▶ _Problem requirements_
Set down the entries below exactly; drop the pictures.
*** Material provided Section Begins ***
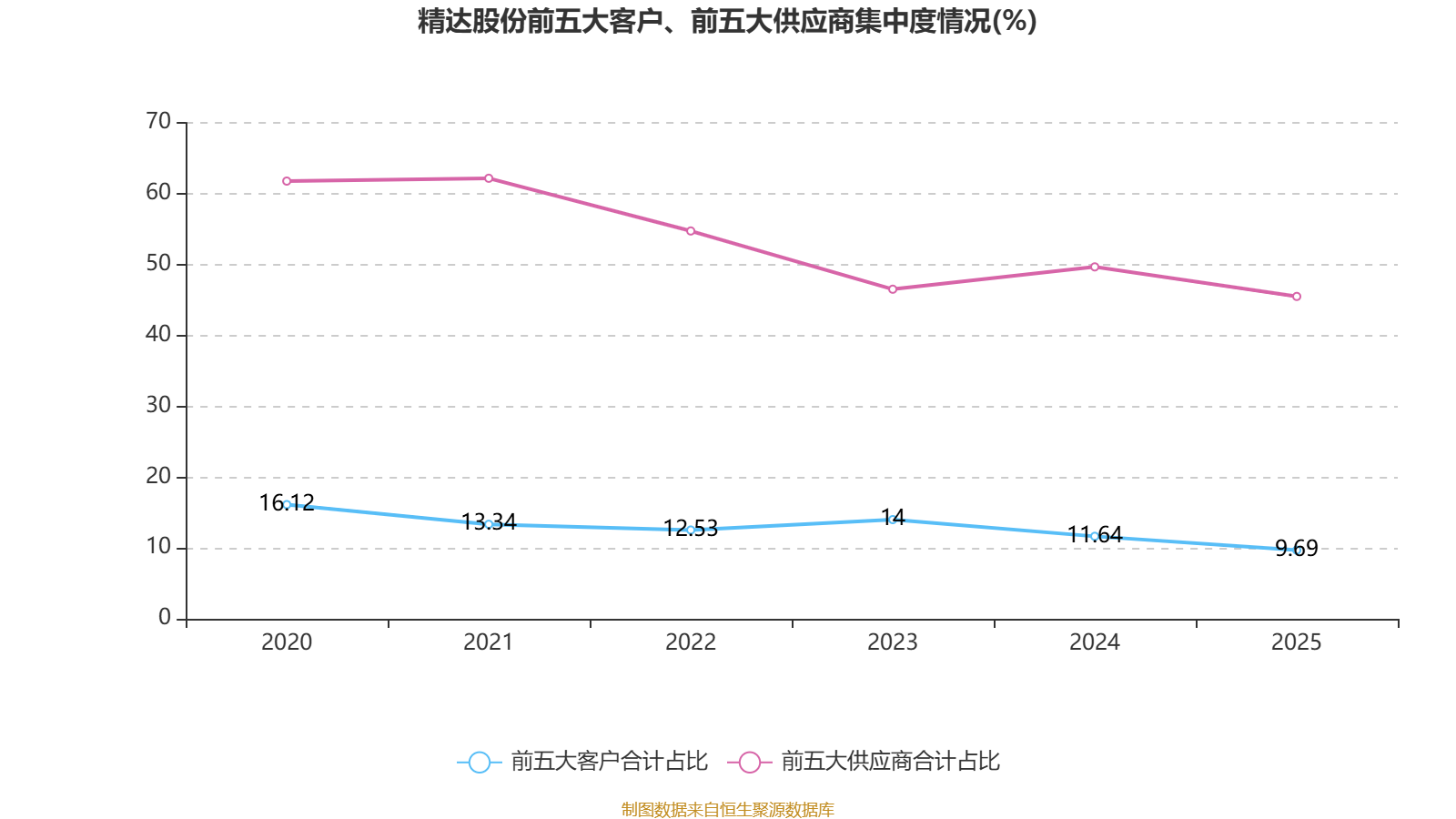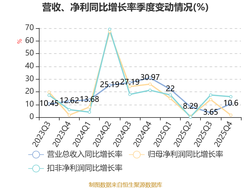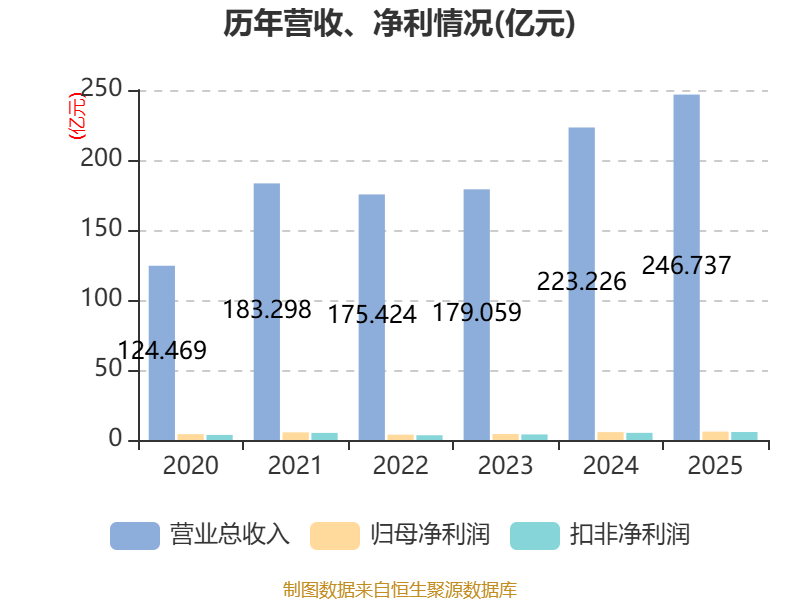 中证智能财讯精达股份(600577)3月31日披露2025年年度报告。2025年,公司实现营业总收入246.74亿元,同比增长10.53%;归母净利润5.99亿元,同比增长6.66%;扣非净利润5.7亿元,同比增长11.34%;经营活动产生的现金流量净额为24.75亿元,上年同期为-5.89亿元;报告期内,精达股份基本每股收益为0.28元,加权平均净资产收益率为10.07%。公司2025年度分配预案为:拟向全体股东每10股派现0.6元(含税)。
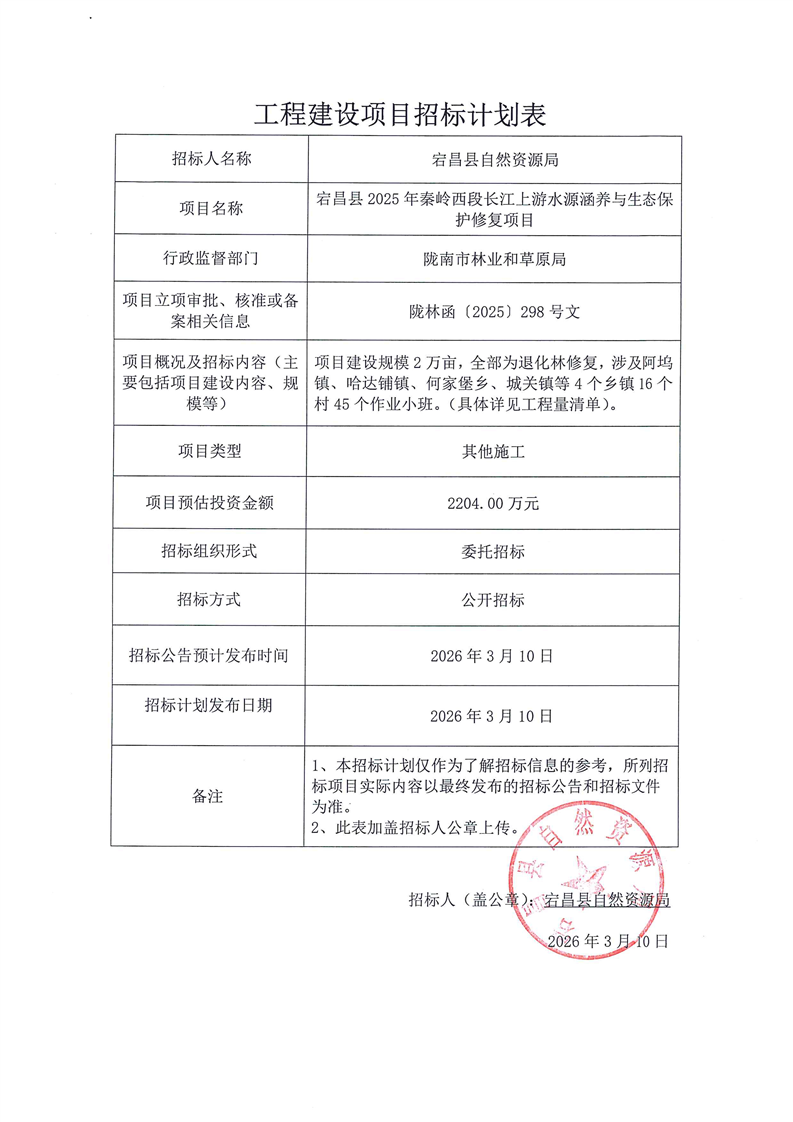 宕昌縣2025年秦嶺西段長江上游水源涵養(yǎng)與生態(tài)保護(hù)修復(fù)項目
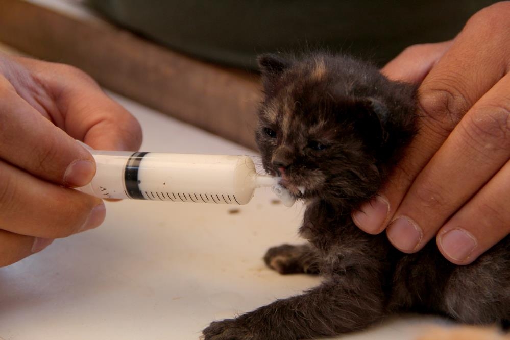 süt alıp önce biberonla beslemeye çalıştı. Kedilerin sütü içmemesi üzerine başka bir yol deneyen Semih Yeşilağaç, iğnesini çıkardığı enjektör yardımıyla yavruların beslemesini yapmayı başardı. Yeşilağaç, belirli aralıklarla hesap tuttuğu masanın üzerine çıkardığı yavru kedileri tek tek elleriyle besliyor. Çalıştıkları alanın neşe kaynağı olan kedileri beslemek için ise tüm çalışanlar seferber oluyor.
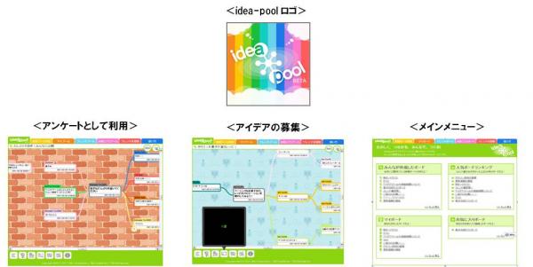 「idea-pool」は、「たのしく、つながる、みんなで、つくる!」をキャッチコピーに、リアルタイムでの情報共有を目的としたfacebookアプリケーションです。ユーザーは、トピックごとに“プール”を作成でき、みんなで意見を出し合い、画像や映像・ファイルなどの情報を“プール”上で共有できます。そのため、メーリングリストや掲示板などでは難しかった系統立てたアイデア共有が可能となりました。
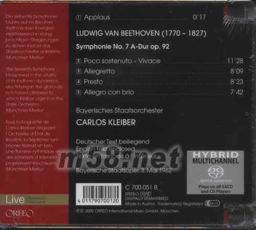 貝多芬第7交響樂(lè)BEETHOVEN SYMPHONIE NO 7 CARLOS KLEIBER指揮SACD專輯背面圖片
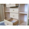 Komoda DEJ58 se skládá ze dvou uzavíratelných skříňek s policí, a až čtyř výsuvných šuplíků. Všechny šuplíky jsou na kvalitních kovových pojezdech. Celá komoda je postavena na kulatých nožkách. Pokud byste chtěli zvolit menší komodu stejného typu, doporučujeme komodu DEJ59.
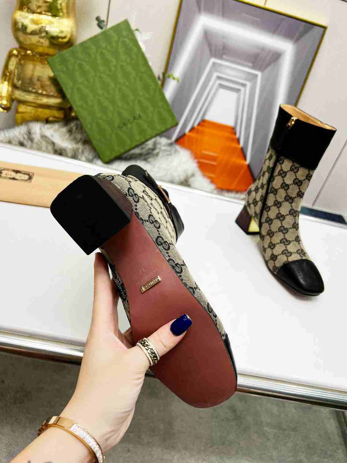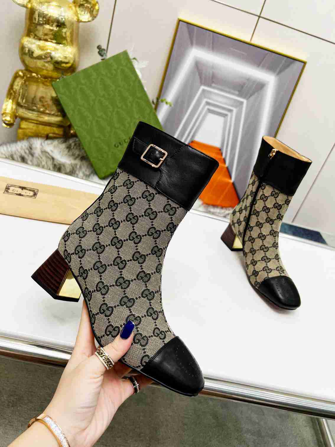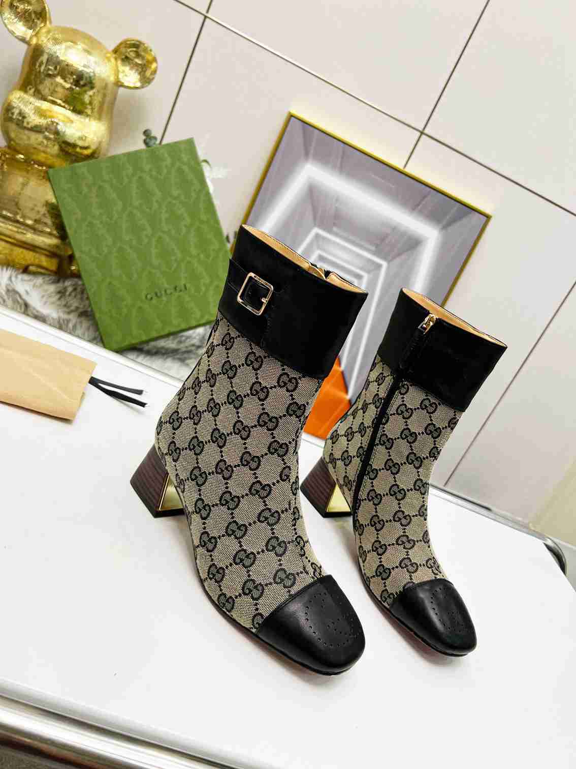 GUCCI Fashion Metal Buckle Chunky Ankle Boots Size 35—42
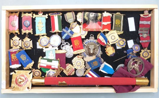 RAOB and other medallions to include hallmarked silver gilt examples, Slimbridge Lodge past chair example, RAOB GLE, Stroud and District Knights Chapter,
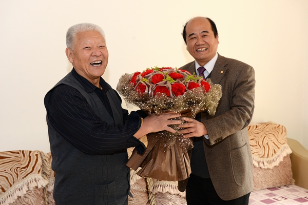 2月10日,在學(xué)校辦公室負(fù)責(zé)人的陪同下,校長(zhǎng)劉建林來(lái)到退休校領(lǐng)導(dǎo)楊含榮、劉文斌家中,在嚴(yán)寒的冬日為他們捎去學(xué)校黨政的關(guān)懷和溫暖的新春祝福。慰問(wèn)中,劉建林介紹了我校2014年所取得的成就以及迎接教育部本科教學(xué)工作合格評(píng)估準(zhǔn)備情況,對(duì)退休校領(lǐng)導(dǎo)們?yōu)閷W(xué)院建設(shè)與發(fā)展做出的貢獻(xiàn)表示感謝,希望各位退休校領(lǐng)導(dǎo)一如既往地對(duì)我校建設(shè)給予關(guān)注和指導(dǎo),并邀請(qǐng)他們?cè)谶m當(dāng)?shù)臅r(shí)候回學(xué)校參觀,感受近年來(lái)我校校容校貌的新變化。
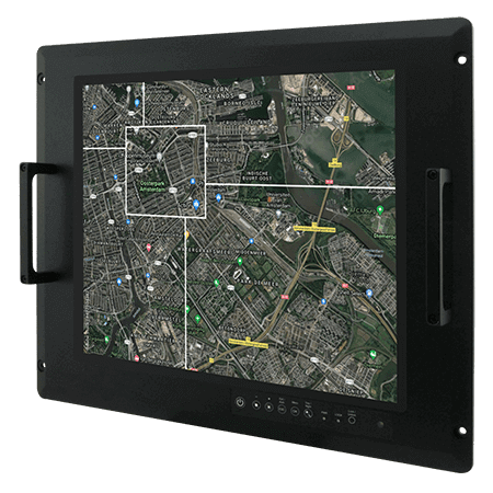 Промышленный 15" TFT LCD монитор, разрешение 1024x768, яркость 500 кд/м2, емкостный сенсорный экран, VGA+5xBNC+DVI-D, питание 12В DC
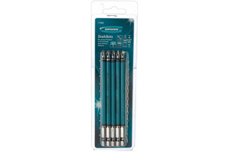 Набор бит GROSS 11202 предназначен для монтажа/демонтажа крепежных изделий, имеющих шлиц PH2, с помощью шуруповерта в труднодоступных местах. Биты изготовлены из высококачественной инструментальной стали S2 твердостью 54-58 HRС.
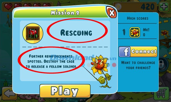 Một số màn chơi tập trung vào nhiệm vụ giải cứu, nơi nhân vật chính bị giam giữ trong lồng và bạn phải bắn liên tục vào lồng để giải thoát họ. Nhân vật được giải cứu sẽ trở thành xạ thủ mới cho màn chơi tiếp theo, có thể là cà chua (với vũ khí là những quả cà chua, chỉ cần hai phát là đủ để hạ gục zombie), hoặc trái lê với khả năng bay lượn và tấn công thây ma trực tiếp...
*** Material provided Section Ends ***
▶ _Your response_
 中证智能财讯精达股份(600577)3月31日披露2025年年度报告。2025年,公司实现营业总收入246.74亿元,同比增长10.53%;归母净利润5.99亿元,同比增长6.66%;扣非净利润5.7亿元,同比增长11.34%;经营活动产生的现金流量净额为24.75亿元,上年同期为-5.89亿元;报告期内,精达股份基本每股收益为0.28元,加权平均净资产收益率为10.07%。公司2025年度分配预案为:拟向全体股东每10股派现0.6元(含税)。
 宕昌縣2025年秦嶺西段長江上游水源涵養(yǎng)與生態(tài)保護(hù)修復(fù)項目
 süt alıp önce biberonla beslemeye çalıştı. Kedilerin sütü içmemesi üzerine başka bir yol deneyen Semih Yeşilağaç, iğnesini çıkardığı enjektör yardımıyla yavruların beslemesini yapmayı başardı. Yeşilağaç, belirli aralıklarla hesap tuttuğu masanın üzerine çıkardığı yavru kedileri tek tek elleriyle besliyor. Çalıştıkları alanın neşe kaynağı olan kedileri beslemek için ise tüm çalışanlar seferber oluyor.
 「idea-pool」は、「たのしく、つながる、みんなで、つくる!」をキャッチコピーに、リアルタイムでの情報共有を目的としたfacebookアプリケーションです。ユーザーは、トピックごとに“プール”を作成でき、みんなで意見を出し合い、画像や映像・ファイルなどの情報を“プール”上で共有できます。そのため、メーリングリストや掲示板などでは難しかった系統立てたアイデア共有が可能となりました。
 貝多芬第7交響樂(lè)BEETHOVEN SYMPHONIE NO 7 CARLOS KLEIBER指揮SACD專輯背面圖片
 Komoda DEJ58 se skládá ze dvou uzavíratelných skříňek s policí, a až čtyř výsuvných šuplíků. Všechny šuplíky jsou na kvalitních kovových pojezdech. Celá komoda je postavena na kulatých nožkách. Pokud byste chtěli zvolit menší komodu stejného typu, doporučujeme komodu DEJ59.
 GUCCI Fashion Metal Buckle Chunky Ankle Boots Size 35—42
 RAOB and other medallions to include hallmarked silver gilt examples, Slimbridge Lodge past chair example, RAOB GLE, Stroud and District Knights Chapter,
 2月10日,在學(xué)校辦公室負(fù)責(zé)人的陪同下,校長(zhǎng)劉建林來(lái)到退休校領(lǐng)導(dǎo)楊含榮、劉文斌家中,在嚴(yán)寒的冬日為他們捎去學(xué)校黨政的關(guān)懷和溫暖的新春祝福。慰問(wèn)中,劉建林介紹了我校2014年所取得的成就以及迎接教育部本科教學(xué)工作合格評(píng)估準(zhǔn)備情況,對(duì)退休校領(lǐng)導(dǎo)們?yōu)閷W(xué)院建設(shè)與發(fā)展做出的貢獻(xiàn)表示感謝,希望各位退休校領(lǐng)導(dǎo)一如既往地對(duì)我校建設(shè)給予關(guān)注和指導(dǎo),并邀請(qǐng)他們?cè)谶m當(dāng)?shù)臅r(shí)候回學(xué)校參觀,感受近年來(lái)我校校容校貌的新變化。
 Промышленный 15" TFT LCD монитор, разрешение 1024x768, яркость 500 кд/м2, емкостный сенсорный экран, VGA+5xBNC+DVI-D, питание 12В DC
 Набор бит GROSS 11202 предназначен для монтажа/демонтажа крепежных изделий, имеющих шлиц PH2, с помощью шуруповерта в труднодоступных местах. Биты изготовлены из высококачественной инструментальной стали S2 твердостью 54-58 HRС.
 Một số màn chơi tập trung vào nhiệm vụ giải cứu, nơi nhân vật chính bị giam giữ trong lồng và bạn phải bắn liên tục vào lồng để giải thoát họ. Nhân vật được giải cứu sẽ trở thành xạ thủ mới cho màn chơi tiếp theo, có thể là cà chua (với vũ khí là những quả cà chua, chỉ cần hai phát là đủ để hạ gục zombie), hoặc trái lê với khả năng bay lượn và tấn công thây ma trực tiếp...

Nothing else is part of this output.